Крещение

Шлома Скорцегин
Крещение
1
Легкий ветерок, пришедший из раннего утра, через открытое окно проник в комнату Маттео Метатио, и своими нежными ласками развеял его сон.
Маттео раскрыл глаза. Ему, конечно, хотелось продолжить свой по обыкновению крепкий и здоровый сон, но Маттео не стал этого делать, поскольку считал невозможным, однажды проснувшись, вновь уснуть. "То же самое, что родившись, обратно возвратится в утробу",- говорил Маттео своей любимой подруге Церсее.
Встав с постели, он подошел к большому медному умывальному тазу, и оперевшись на него, посмотрел на свое отражение. "Полное соответствие",- подытожил Маттео Метатио, и в голосе его была неуловимая тень печали. Но перестав думать о себе, он окунулся, хотя и не охотно, в таз с головой.
Омыв себе лицо и руки, Метатио, вытершись, и надев на себя летнюю домашнюю рубаху, вышел из своей комнаты, проходя мимо стола с серебряными кувшином и чашей, которые он не заметил, в свою мастерскую.
В мастерской, освещаемой утренним солнцем, Маттео, как творец, с трепетом стоял перед покрытой покрывалом скульптурой, своим будущим творением.
Неужели сейчас он будет созидать? Назидать изображение своего сердца здесь на земле? Правда, это очень ответственная работа, перед которой всегда следует трепет, после трепета дерзновение, и только после слияния трепета и дерзновения  следует выражение
Да, он точно будет сейчас творить! Недаром Маттео вымыл свои руки после демонов сна.
Решившись, Метатио снял покрывало, и перед его взором предстало скульптурное изображение. Глаза Маттео боролись с огнем, ведь видел он действительно пугающее изображение.
Его взору предстали двое обнаженных мужчин, чьи туловища у пояса сливались в одно, и дальше одна единая пара ног на двоих.
Первый мужчина имел прямую властную осанку, стоял прямо, губы изогнулись в насмешке, а на лице приятный этому образу оскал. Лицо его кругловатое, щеки припухшие. Курчавые волосы ниспадали пониже плеч, а голова увенчана венцом из виноградной лозы, с темными багровыми ягодами. Этот человек властно протянул свою руку над другим мужчиной, чья спина, в отличие от первого, была согнута, и одной рукой закрывал свое оклеймленное скорбью и ужасом лицо, а другой отмахивался от первого мужчины. Второй мужчина имел недлинные волосы и лавровый венец, на котором опали все листья.

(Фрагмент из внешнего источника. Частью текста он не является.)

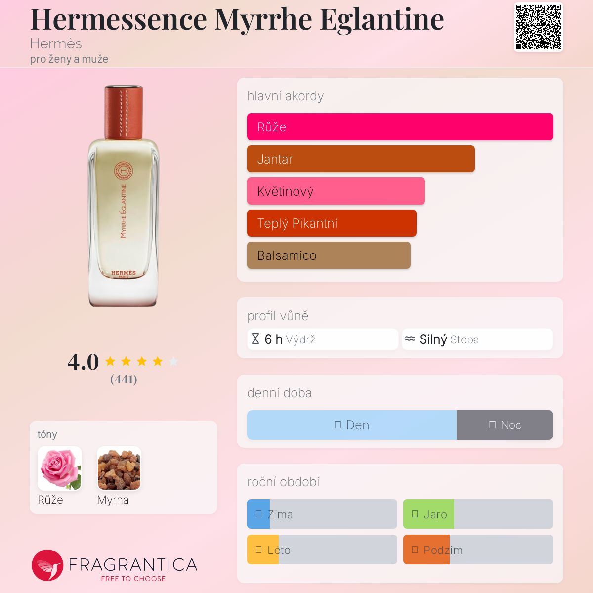 Hermessence Myrrhe Eglantine podle Hermès je Orientální Woody vůně pro ženy a muže. Hermessence Myrrhe Eglantine byl/a uveden/a v roce 2018. "Nosem" za touto vůní je Christine Nagel.
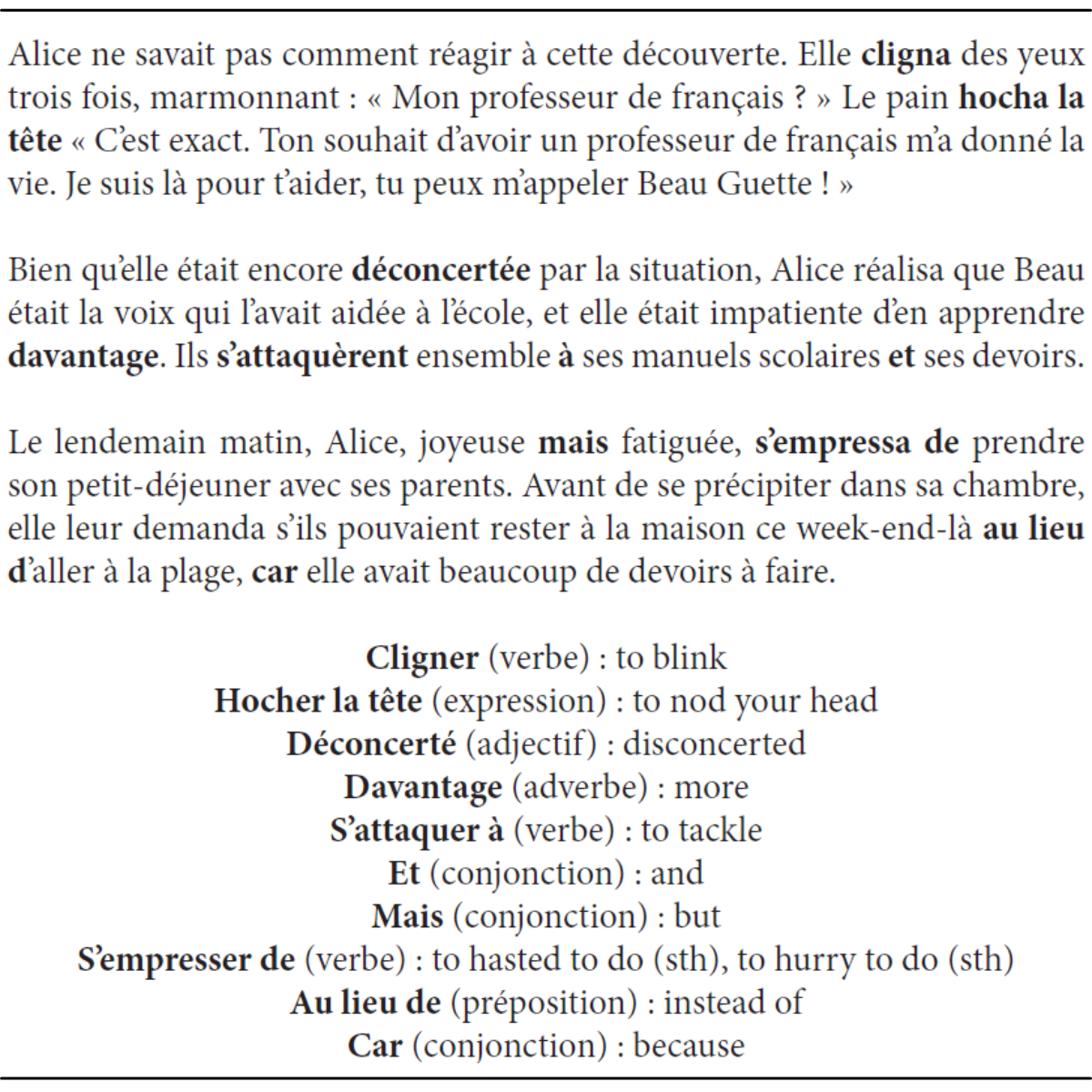 Every chapter of this book is crafted in both French alone and a parallel text format, featuring bilingual French and English text side by side. This unique structure eliminates the need to flip through a dictionary, saving you time and making the learning process more efficient and enjoyable.

Это удивительное изображение увидел Маттео Метатио, но если бы зашел кто-либо другой, то было бы видно лишь необтесанная куча материала, из которого лишь предстояло что-либо сделать.
Решив не смотреть на разбросанные по полу мастерской эскизы этой скульптуры, Маттео с головой окунулся в выражение будущего творения, и вынырнул из выражения лишь в два часа дня.
Сдвиг, и при том не малый, в творении был сделан.
Пожалуй на сегодня, по крайней мере днем, он закончил, и поэтому Маттео, сев на низенький табурет, стал переводить дух. но вдруг, увидев на полу один из своих эскизов, потянулся к нему и, подняв, осмотрел.
 Эскиз изображал более детальные наброски двух мужчин. У первого, который был увенчан виноградной лозой, лицо было современное, впрочем, такие лица всегда могут показаться современными, правильное и достаточно красивое. Это лицо было ярко эллинистическое, словно родом из Эллады, но при этом имело вид и западное, при том, словно объединяя в себе черты всей Европы. Но вид современной западности не исключал античности, а скорее подчеркивал ее и даже выражал.
Второе лицо, лицо другого человека, было более примечательное, и более удивительное своею неуловимостью. В лице отражались восточные мотивы, которые еще можно было приметить, но в разрез с ними шел еще один мотив в лице, некая непонятная черта. Маттео Метатио знал эту черту, поскольку сам ее и выдумал. В лице второго человека, в разрез с восточными мотивами, шли еще и первобытные черты, которые Маттео выразил как мог, как сам себе представлял лицо первого человека - Адама.
Если в первом лице западность и античность были в явной гармонии, то в этом восточность и первобытность приходили к некой неудобной для глаза гармонии, создавая неуловимое изображение.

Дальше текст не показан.